Requirement: Give back every record below, character for character.

Supplied data:
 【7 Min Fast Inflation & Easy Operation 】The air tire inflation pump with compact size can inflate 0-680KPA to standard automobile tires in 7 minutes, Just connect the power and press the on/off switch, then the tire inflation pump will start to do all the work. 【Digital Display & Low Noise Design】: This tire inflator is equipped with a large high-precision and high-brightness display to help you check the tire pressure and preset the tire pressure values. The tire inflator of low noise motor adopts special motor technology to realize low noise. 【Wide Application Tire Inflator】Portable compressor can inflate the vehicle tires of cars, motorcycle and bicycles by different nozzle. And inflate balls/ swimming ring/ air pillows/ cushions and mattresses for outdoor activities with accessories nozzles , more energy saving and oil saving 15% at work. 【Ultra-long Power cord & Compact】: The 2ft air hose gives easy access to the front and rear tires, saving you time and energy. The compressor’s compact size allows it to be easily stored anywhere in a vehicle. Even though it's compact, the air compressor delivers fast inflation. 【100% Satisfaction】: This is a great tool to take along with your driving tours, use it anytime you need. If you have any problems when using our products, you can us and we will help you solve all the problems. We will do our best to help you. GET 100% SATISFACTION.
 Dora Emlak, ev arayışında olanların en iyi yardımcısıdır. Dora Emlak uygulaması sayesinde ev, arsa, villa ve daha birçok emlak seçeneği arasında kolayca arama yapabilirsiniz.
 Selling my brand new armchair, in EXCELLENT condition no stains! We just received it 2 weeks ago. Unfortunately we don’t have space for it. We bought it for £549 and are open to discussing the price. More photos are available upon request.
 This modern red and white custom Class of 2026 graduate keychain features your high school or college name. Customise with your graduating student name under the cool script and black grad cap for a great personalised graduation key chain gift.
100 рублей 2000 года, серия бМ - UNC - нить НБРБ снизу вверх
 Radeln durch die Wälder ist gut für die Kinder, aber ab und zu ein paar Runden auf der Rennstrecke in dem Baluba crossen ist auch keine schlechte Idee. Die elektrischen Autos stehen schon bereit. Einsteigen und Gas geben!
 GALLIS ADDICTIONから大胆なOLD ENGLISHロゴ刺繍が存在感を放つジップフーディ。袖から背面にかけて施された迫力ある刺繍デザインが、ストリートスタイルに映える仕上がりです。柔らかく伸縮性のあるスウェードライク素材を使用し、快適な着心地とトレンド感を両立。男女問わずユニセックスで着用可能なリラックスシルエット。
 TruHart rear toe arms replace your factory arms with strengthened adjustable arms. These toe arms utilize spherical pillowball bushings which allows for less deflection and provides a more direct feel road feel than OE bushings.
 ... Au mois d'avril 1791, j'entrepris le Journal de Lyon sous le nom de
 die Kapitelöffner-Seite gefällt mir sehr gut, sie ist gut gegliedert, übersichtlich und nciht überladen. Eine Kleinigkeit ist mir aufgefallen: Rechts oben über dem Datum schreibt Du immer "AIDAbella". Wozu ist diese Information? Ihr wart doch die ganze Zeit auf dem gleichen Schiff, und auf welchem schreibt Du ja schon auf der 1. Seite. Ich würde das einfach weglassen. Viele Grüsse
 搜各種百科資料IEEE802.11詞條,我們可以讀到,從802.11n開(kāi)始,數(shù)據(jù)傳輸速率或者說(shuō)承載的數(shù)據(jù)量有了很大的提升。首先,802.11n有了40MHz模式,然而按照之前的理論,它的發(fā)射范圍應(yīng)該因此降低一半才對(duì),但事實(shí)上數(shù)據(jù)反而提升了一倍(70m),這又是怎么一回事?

Answer section:
 【7 Min Fast Inflation & Easy Operation 】The air tire inflation pump with compact size can inflate 0-680KPA to standard automobile tires in 7 minutes, Just connect the power and press the on/off switch, then the tire inflation pump will start to do all the work. 【Digital Display & Low Noise Design】: This tire inflator is equipped with a large high-precision and high-brightness display to help you check the tire pressure and preset the tire pressure values. The tire inflator of low noise motor adopts special motor technology to realize low noise. 【Wide Application Tire Inflator】Portable compressor can inflate the vehicle tires of cars, motorcycle and bicycles by different nozzle. And inflate balls/ swimming ring/ air pillows/ cushions and mattresses for outdoor activities with accessories nozzles , more energy saving and oil saving 15% at work. 【Ultra-long Power cord & Compact】: The 2ft air hose gives easy access to the front and rear tires, saving you time and energy. The compressor’s compact size allows it to be easily stored anywhere in a vehicle. Even though it's compact, the air compressor delivers fast inflation. 【100% Satisfaction】: This is a great tool to take along with your driving tours, use it anytime you need. If you have any problems when using our products, you can us and we will help you solve all the problems. We will do our best to help you. GET 100% SATISFACTION.
 Dora Emlak, ev arayışında olanların en iyi yardımcısıdır. Dora Emlak uygulaması sayesinde ev, arsa, villa ve daha birçok emlak seçeneği arasında kolayca arama yapabilirsiniz.
 Selling my brand new armchair, in EXCELLENT condition no stains! We just received it 2 weeks ago. Unfortunately we don’t have space for it. We bought it for £549 and are open to discussing the price. More photos are available upon request.
 This modern red and white custom Class of 2026 graduate keychain features your high school or college name. Customise with your graduating student name under the cool script and black grad cap for a great personalised graduation key chain gift.
100 рублей 2000 года, серия бМ - UNC - нить НБРБ снизу вверх
 Radeln durch die Wälder ist gut für die Kinder, aber ab und zu ein paar Runden auf der Rennstrecke in dem Baluba crossen ist auch keine schlechte Idee. Die elektrischen Autos stehen schon bereit. Einsteigen und Gas geben!
 GALLIS ADDICTIONから大胆なOLD ENGLISHロゴ刺繍が存在感を放つジップフーディ。袖から背面にかけて施された迫力ある刺繍デザインが、ストリートスタイルに映える仕上がりです。柔らかく伸縮性のあるスウェードライク素材を使用し、快適な着心地とトレンド感を両立。男女問わずユニセックスで着用可能なリラックスシルエット。
 TruHart rear toe arms replace your factory arms with strengthened adjustable arms. These toe arms utilize spherical pillowball bushings which allows for less deflection and provides a more direct feel road feel than OE bushings.
 ... Au mois d'avril 1791, j'entrepris le Journal de Lyon sous le nom de
 die Kapitelöffner-Seite gefällt mir sehr gut, sie ist gut gegliedert, übersichtlich und nciht überladen. Eine Kleinigkeit ist mir aufgefallen: Rechts oben über dem Datum schreibt Du immer "AIDAbella". Wozu ist diese Information? Ihr wart doch die ganze Zeit auf dem gleichen Schiff, und auf welchem schreibt Du ja schon auf der 1. Seite. Ich würde das einfach weglassen. Viele Grüsse
 搜各種百科資料IEEE802.11詞條,我們可以讀到,從802.11n開(kāi)始,數(shù)據(jù)傳輸速率或者說(shuō)承載的數(shù)據(jù)量有了很大的提升。首先,802.11n有了40MHz模式,然而按照之前的理論,它的發(fā)射范圍應(yīng)該因此降低一半才對(duì),但事實(shí)上數(shù)據(jù)反而提升了一倍(70m),這又是怎么一回事?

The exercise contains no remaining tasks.